Dataset

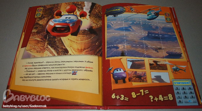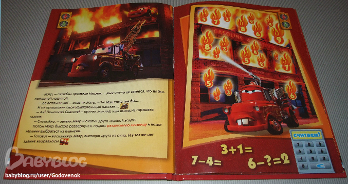 Каждый разворот это несколько абзацев текста, 3-4 задания, и иллюстрации. Указывая ручкой на основной текст, мы слышим рассказ; касаясь слов, выделенных красным светом, мы получаем справку – что эти слова означают; касаясь картинки в разных местах, слышим разнообразные звуки (толпа болельщиков гудит, вода из пожарного шланга шипит; если указать на флаг, то «волшебная ручка» назовет страну, которой этот флаг принадлежит; если коснуться дорожного знака, то ручка назовет его и объяснит его назначение). Вариантов взаимодействия с этой книгой очень много. Даже нажимая на одну и ту же картинку в режиме чтения и в режиме игры, мы слышим разные фразы (сама сказка и реплики героев озвучены очень эмоционально, дети в восторге).
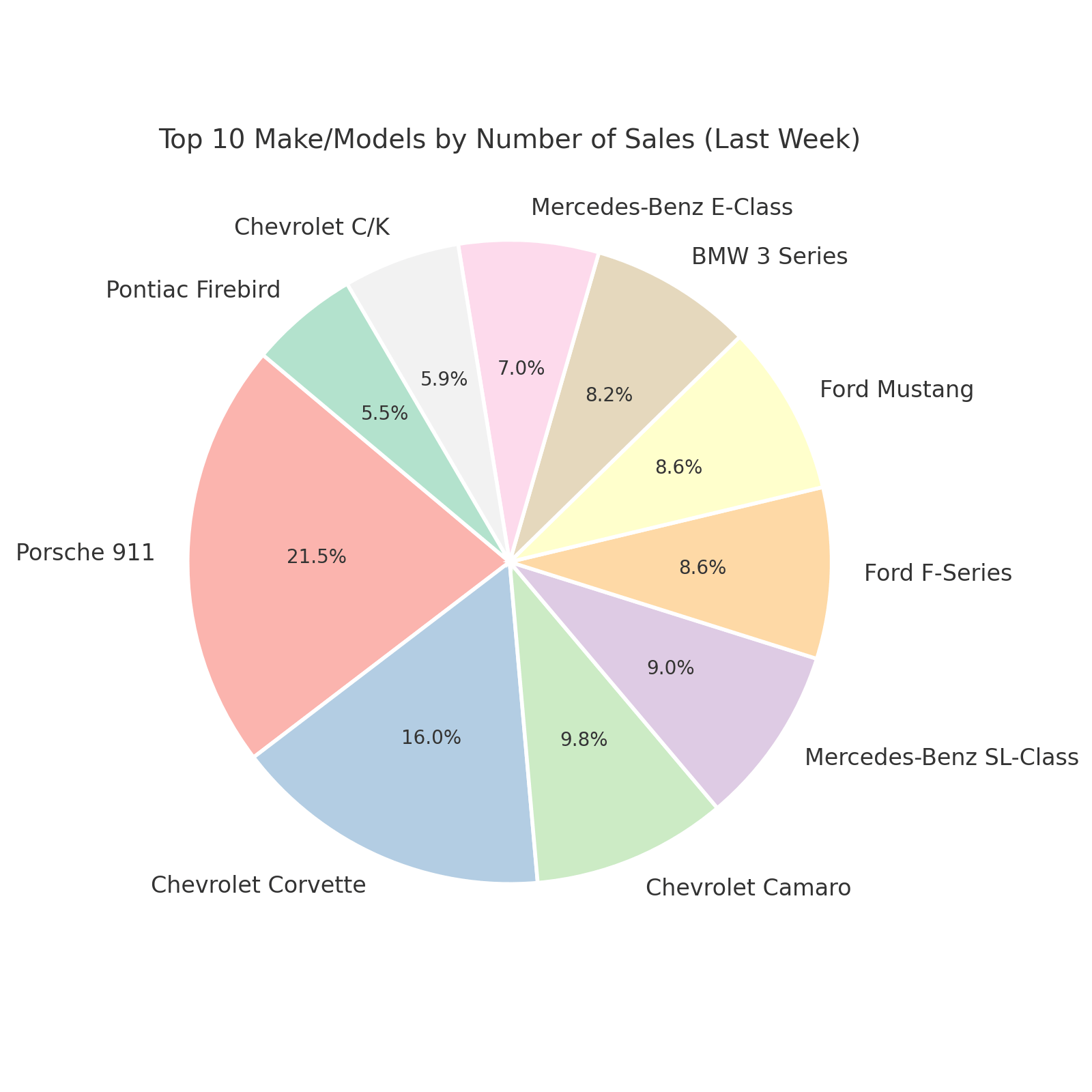 Porsche 911s once again dominated both by volume and value, while Corvettes and Mustangs continued to prove that mainstream icons can keep pace with the high-end crowd. Ford’s trucks found their way back into the top ten, joined by a few Pontiac Firebirds that stirred some nostalgia among bidders. It was a well-balanced week, strong prices at the top, steady movement through the middle, and plenty of variety to keep the market lively heading into November.
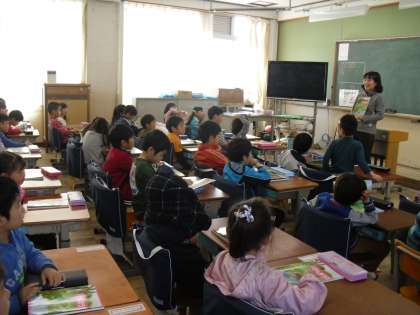 先生のお話をしっかり聞いて,元気よく手を挙げて発表もしていました。
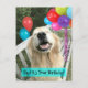 Someone is having a birthday! Celebrate in style with this cute postcard! Design features a smiling golden retriever dog on a park bench, surrounded by colorful balloons. Text on front reads, "Yay! It's Your Birthday!" while customizable text on back states, "Let's celebrate! Hope you have the best day!"
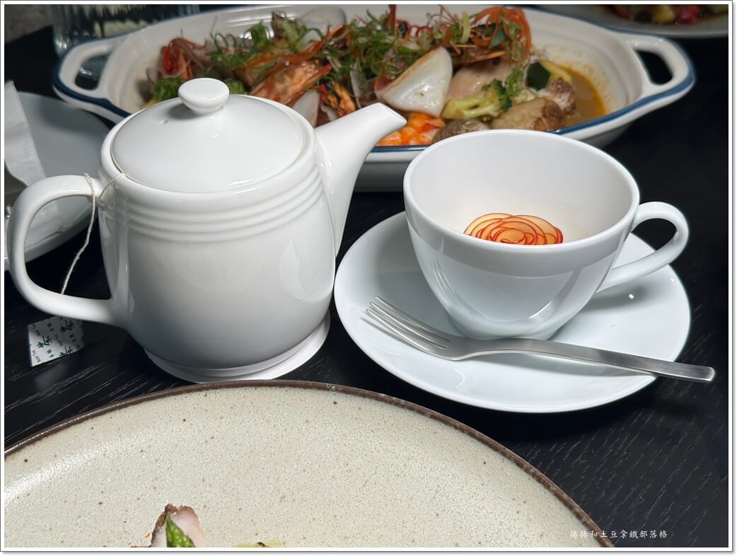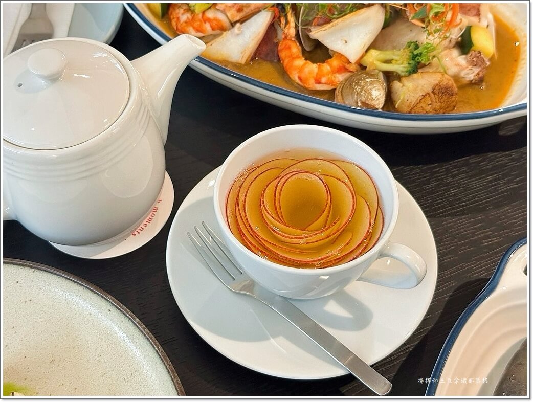 這杯飲品一上桌,就先讓人眼睛一亮。蜜漬蘋果薄片被細心捲成花苞的形狀,當熱騰騰的覓香龍眼花茶沖入那一刻,蘋果花慢慢綻放開來,像是小小一場表演。
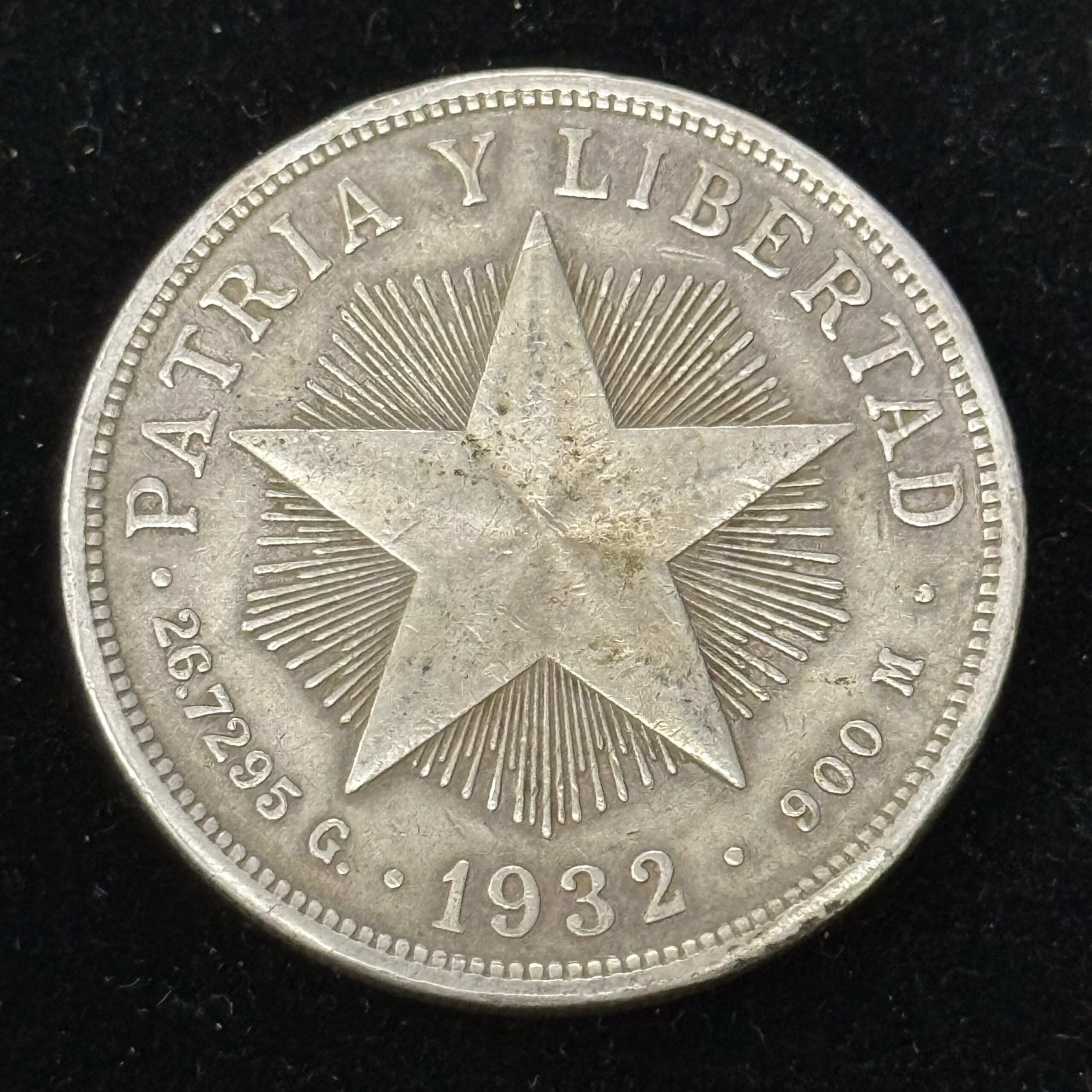 1932 Silver Cuba Star Peso XF
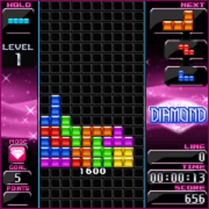 A new technique that makes full use of "diamond block" is now available! There are 4 game modes of "TETRIS DIAMOND": "TETRIS", "DIAMOND", "DIA.2min" and "PUZZLE". In the new mode "DIAMOND" and "DIA.2min", a "diamond block" appears for every 5 falling tetriminoes, and if you erase the line with this block, the score will be doubled. Get a BACK TO BACK bonus by making full use of "TETRIS", "T-SPIN" and the new technique "DIAMOND" that erases using diamond blocks! Please keep updating the record of high score!!

Work order
After dropping every picture, transcribe each entry exactly.

Solution to the exercise
 Каждый разворот это несколько абзацев текста, 3-4 задания, и иллюстрации. Указывая ручкой на основной текст, мы слышим рассказ; касаясь слов, выделенных красным светом, мы получаем справку – что эти слова означают; касаясь картинки в разных местах, слышим разнообразные звуки (толпа болельщиков гудит, вода из пожарного шланга шипит; если указать на флаг, то «волшебная ручка» назовет страну, которой этот флаг принадлежит; если коснуться дорожного знака, то ручка назовет его и объяснит его назначение). Вариантов взаимодействия с этой книгой очень много. Даже нажимая на одну и ту же картинку в режиме чтения и в режиме игры, мы слышим разные фразы (сама сказка и реплики героев озвучены очень эмоционально, дети в восторге).
 Porsche 911s once again dominated both by volume and value, while Corvettes and Mustangs continued to prove that mainstream icons can keep pace with the high-end crowd. Ford’s trucks found their way back into the top ten, joined by a few Pontiac Firebirds that stirred some nostalgia among bidders. It was a well-balanced week, strong prices at the top, steady movement through the middle, and plenty of variety to keep the market lively heading into November.
 先生のお話をしっかり聞いて,元気よく手を挙げて発表もしていました。
 Someone is having a birthday! Celebrate in style with this cute postcard! Design features a smiling golden retriever dog on a park bench, surrounded by colorful balloons. Text on front reads, "Yay! It's Your Birthday!" while customizable text on back states, "Let's celebrate! Hope you have the best day!"
 這杯飲品一上桌,就先讓人眼睛一亮。蜜漬蘋果薄片被細心捲成花苞的形狀,當熱騰騰的覓香龍眼花茶沖入那一刻,蘋果花慢慢綻放開來,像是小小一場表演。
 1932 Silver Cuba Star Peso XF
 A new technique that makes full use of "diamond block" is now available! There are 4 game modes of "TETRIS DIAMOND": "TETRIS", "DIAMOND", "DIA.2min" and "PUZZLE". In the new mode "DIAMOND" and "DIA.2min", a "diamond block" appears for every 5 falling tetriminoes, and if you erase the line with this block, the score will be doubled. Get a BACK TO BACK bonus by making full use of "TETRIS", "T-SPIN" and the new technique "DIAMOND" that erases using diamond blocks! Please keep updating the record of high score!!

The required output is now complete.